On the left hand of the same illustration are shown the curious Rat-tail Maggots, as they are popularly called. They are the larvæ of the common Drone-fly (Eristalis tenax), which is so common towards the end of summer, and looks so curiously like a bee.
These creatures pass their larval life buried in the mud and below the surface of the water, and yet are obliged to breathe atmospheric air. This they do by means of the long appendages which have gained for them the name of Rat-tails. These “tails” are very elastic, and are capable of elongation and contraction to a wonderful extent.
When the creature is undisturbed, it lies buried in the mud with its head downwards, and its tail extended so that it reaches the surface of the water. Within this tail are two air-tubes, which are connected with the principal tracheæ, which have already been mentioned. They are wonderfully elastic, and, when the tail is extended to its utmost limit, are nearly straight. When, however, the tail is contracted, the tubes become self-coiled by their own elasticity, and shrink into the base of the tail.
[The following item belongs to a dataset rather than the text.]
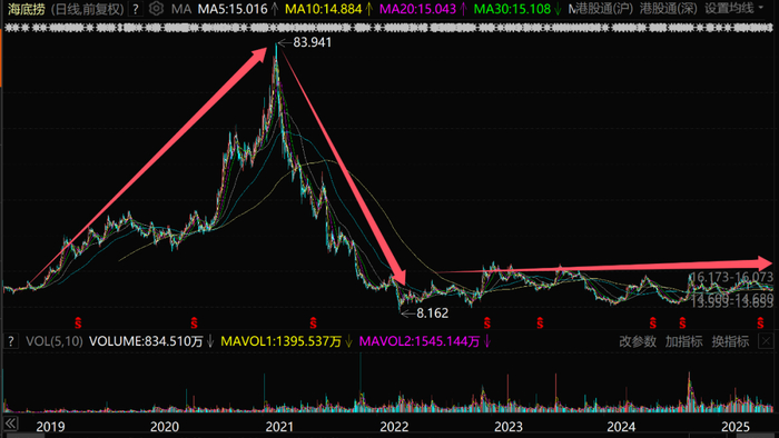你可以说海底捞的暴跌跟当时疫情有关,但现在海底捞也只有15港元,较历史高点下跌高达80%,远远没有恢复元气。

As the tail is very transparent, it is easy to see how these movements are conducted. The larvæ, which may be found in almost any stagnant water, should be placed in a tall and narrow glass. Some mud should be placed at the bottom of the glass, which should then be filled with water to the depth of three inches or so.
When the mud has quite subsided, and the water become clear, the long slender tails of the larvæ will be seen so elongated that their tips reach just above the surface of the water. A magnifying-glass will easily show the two tubes within the tail.
Let the glass be but slightly tapped, and all the tail is withdrawn in a moment, so as to be out of reach of external danger. The magnifying-glass will then show the two tubes lying contracted in the base of the tail, and taking astonishingly little space, considering the amount of elongation which they can sustain. And, on examining the various bends and curves of the tubes, the value and power of the spiral spring will at once be seen. True, they are very small, but in Nature all things go by comparison, and our whole earth itself is as a grain of sand upon the seashore among the grandeurs of the visible universe.